─── EXERCISE INPUT

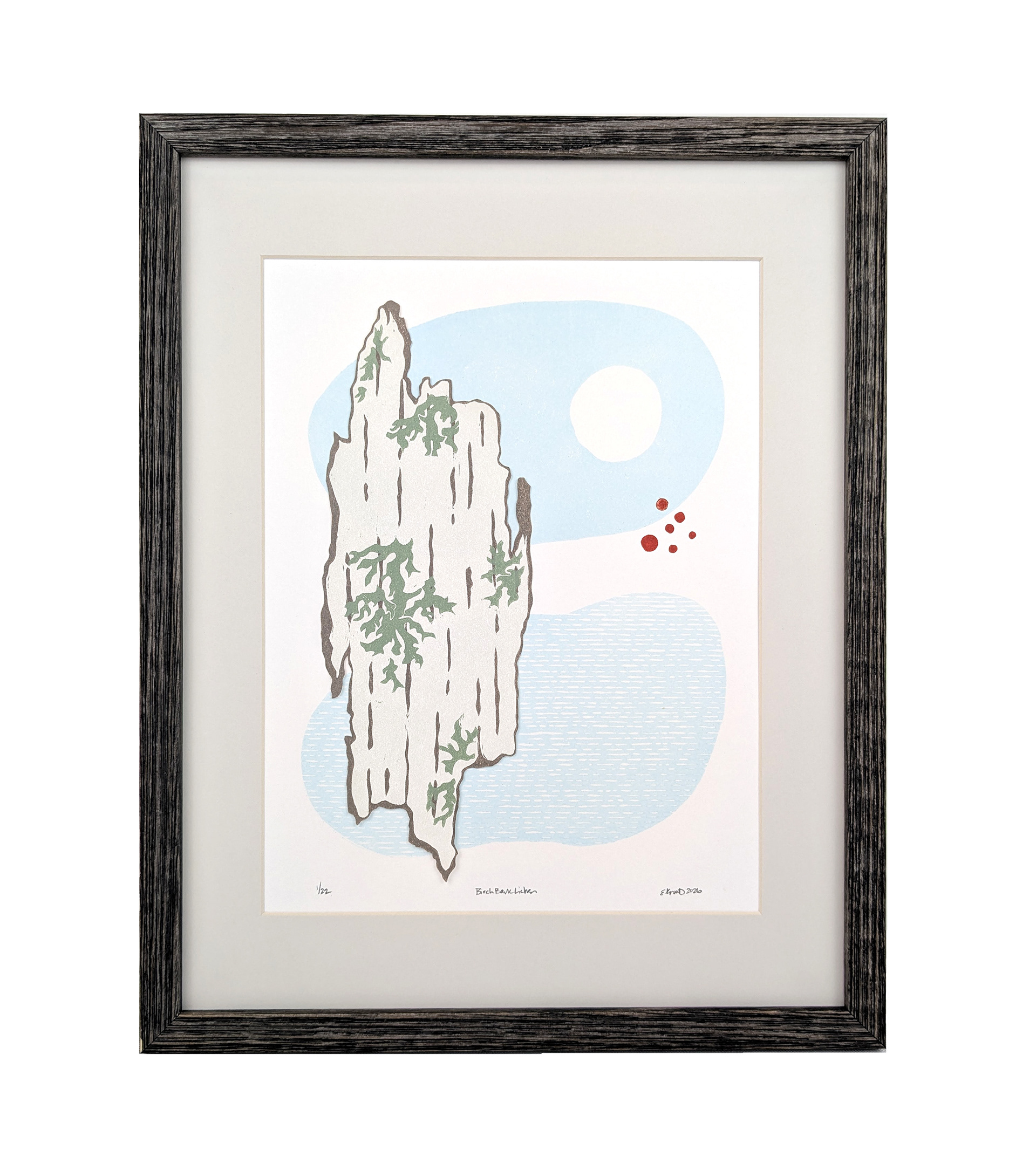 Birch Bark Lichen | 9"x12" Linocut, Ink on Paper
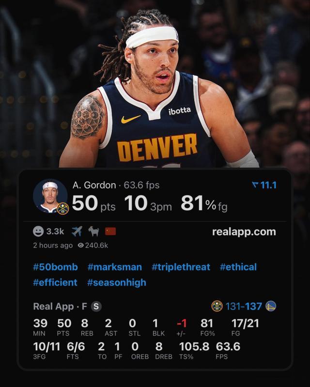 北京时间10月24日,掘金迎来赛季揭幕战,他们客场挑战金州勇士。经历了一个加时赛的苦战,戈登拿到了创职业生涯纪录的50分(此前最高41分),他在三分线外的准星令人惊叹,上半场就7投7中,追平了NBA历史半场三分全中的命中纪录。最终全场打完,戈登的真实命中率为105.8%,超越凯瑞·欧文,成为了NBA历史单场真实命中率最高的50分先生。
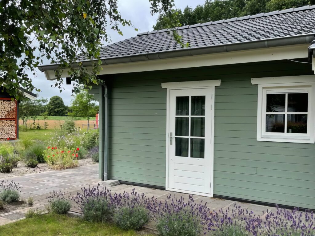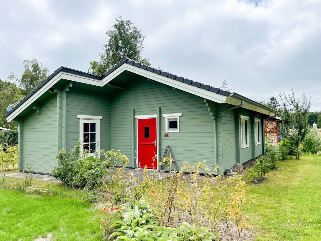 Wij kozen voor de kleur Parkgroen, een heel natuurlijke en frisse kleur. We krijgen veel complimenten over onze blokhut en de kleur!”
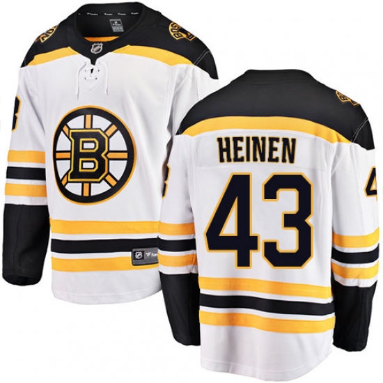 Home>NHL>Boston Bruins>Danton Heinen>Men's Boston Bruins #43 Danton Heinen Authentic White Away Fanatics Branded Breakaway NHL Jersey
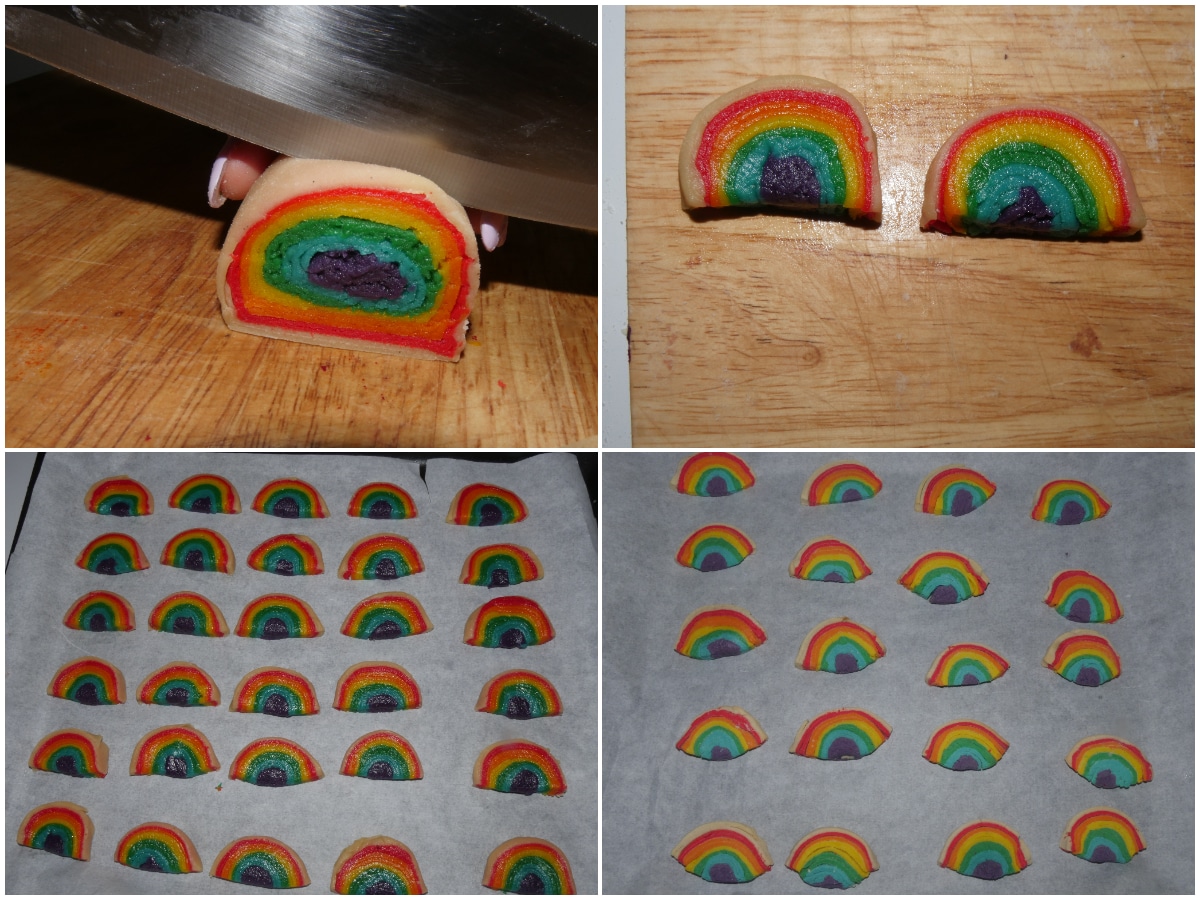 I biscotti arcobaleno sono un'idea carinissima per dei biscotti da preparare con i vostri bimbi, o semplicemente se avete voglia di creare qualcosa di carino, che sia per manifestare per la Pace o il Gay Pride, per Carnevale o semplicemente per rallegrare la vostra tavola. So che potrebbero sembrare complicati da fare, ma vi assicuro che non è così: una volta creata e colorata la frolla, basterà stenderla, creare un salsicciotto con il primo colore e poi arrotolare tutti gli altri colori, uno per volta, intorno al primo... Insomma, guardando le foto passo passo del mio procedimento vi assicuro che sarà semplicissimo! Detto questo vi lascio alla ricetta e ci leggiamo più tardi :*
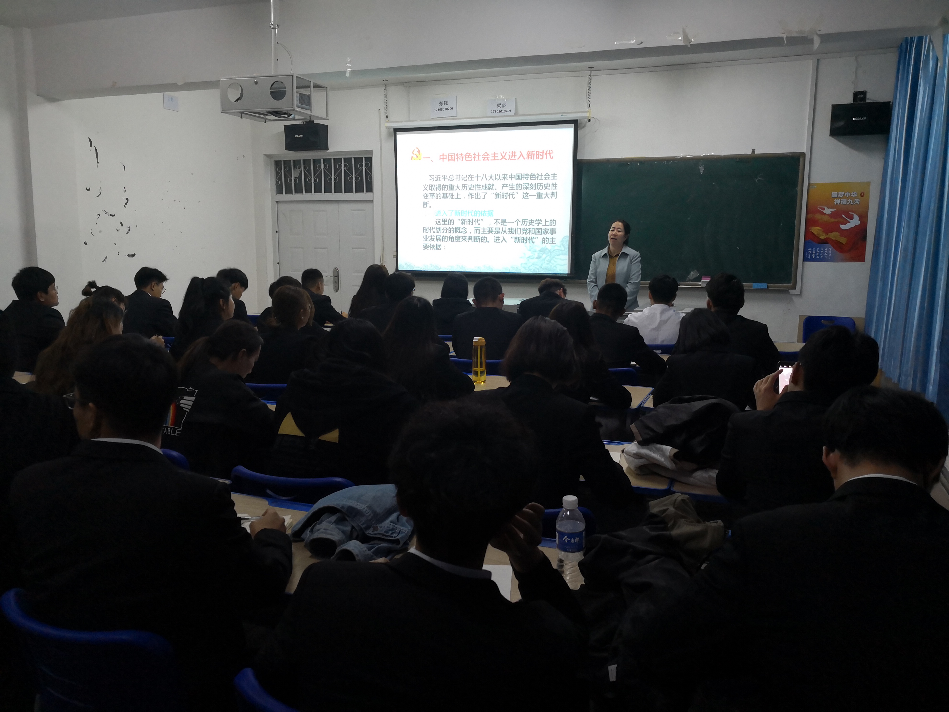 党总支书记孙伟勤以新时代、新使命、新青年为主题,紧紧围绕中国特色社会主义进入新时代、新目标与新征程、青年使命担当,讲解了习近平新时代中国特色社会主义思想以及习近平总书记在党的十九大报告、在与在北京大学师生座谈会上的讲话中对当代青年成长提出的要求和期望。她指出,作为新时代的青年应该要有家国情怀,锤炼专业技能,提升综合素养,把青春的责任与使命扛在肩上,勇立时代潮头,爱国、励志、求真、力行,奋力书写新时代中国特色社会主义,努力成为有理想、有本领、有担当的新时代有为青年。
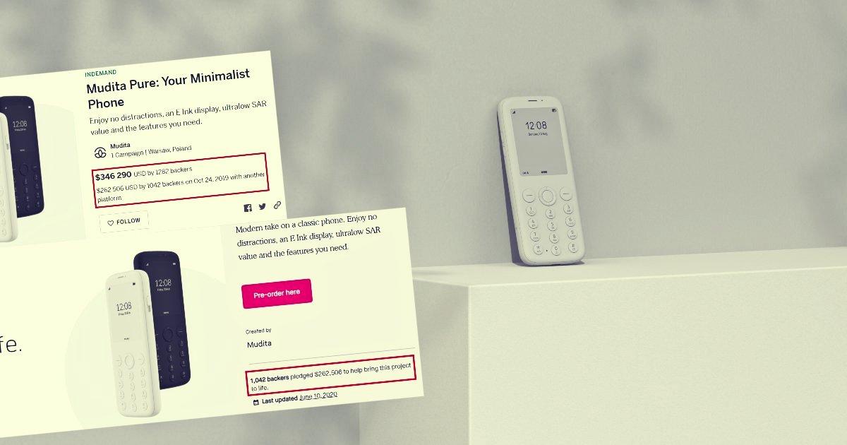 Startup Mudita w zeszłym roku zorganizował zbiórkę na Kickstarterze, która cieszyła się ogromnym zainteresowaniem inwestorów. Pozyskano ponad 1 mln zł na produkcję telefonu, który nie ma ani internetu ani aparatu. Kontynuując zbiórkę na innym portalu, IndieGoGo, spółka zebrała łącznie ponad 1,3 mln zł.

──────

→ **TASK ITEM**
Apart from the images, print all the material above exactly as given.

→ **ANSWER SPACE**
 Birch Bark Lichen | 9"x12" Linocut, Ink on Paper
 北京时间10月24日,掘金迎来赛季揭幕战,他们客场挑战金州勇士。经历了一个加时赛的苦战,戈登拿到了创职业生涯纪录的50分(此前最高41分),他在三分线外的准星令人惊叹,上半场就7投7中,追平了NBA历史半场三分全中的命中纪录。最终全场打完,戈登的真实命中率为105.8%,超越凯瑞·欧文,成为了NBA历史单场真实命中率最高的50分先生。
 Wij kozen voor de kleur Parkgroen, een heel natuurlijke en frisse kleur. We krijgen veel complimenten over onze blokhut en de kleur!”
 Home>NHL>Boston Bruins>Danton Heinen>Men's Boston Bruins #43 Danton Heinen Authentic White Away Fanatics Branded Breakaway NHL Jersey
 I biscotti arcobaleno sono un'idea carinissima per dei biscotti da preparare con i vostri bimbi, o semplicemente se avete voglia di creare qualcosa di carino, che sia per manifestare per la Pace o il Gay Pride, per Carnevale o semplicemente per rallegrare la vostra tavola. So che potrebbero sembrare complicati da fare, ma vi assicuro che non è così: una volta creata e colorata la frolla, basterà stenderla, creare un salsicciotto con il primo colore e poi arrotolare tutti gli altri colori, uno per volta, intorno al primo... Insomma, guardando le foto passo passo del mio procedimento vi assicuro che sarà semplicissimo! Detto questo vi lascio alla ricetta e ci leggiamo più tardi :*
 党总支书记孙伟勤以新时代、新使命、新青年为主题,紧紧围绕中国特色社会主义进入新时代、新目标与新征程、青年使命担当,讲解了习近平新时代中国特色社会主义思想以及习近平总书记在党的十九大报告、在与在北京大学师生座谈会上的讲话中对当代青年成长提出的要求和期望。她指出,作为新时代的青年应该要有家国情怀,锤炼专业技能,提升综合素养,把青春的责任与使命扛在肩上,勇立时代潮头,爱国、励志、求真、力行,奋力书写新时代中国特色社会主义,努力成为有理想、有本领、有担当的新时代有为青年。
 Startup Mudita w zeszłym roku zorganizował zbiórkę na Kickstarterze, która cieszyła się ogromnym zainteresowaniem inwestorów. Pozyskano ponad 1 mln zł na produkcję telefonu, który nie ma ani internetu ani aparatu. Kontynuując zbiórkę na innym portalu, IndieGoGo, spółka zebrała łącznie ponad 1,3 mln zł.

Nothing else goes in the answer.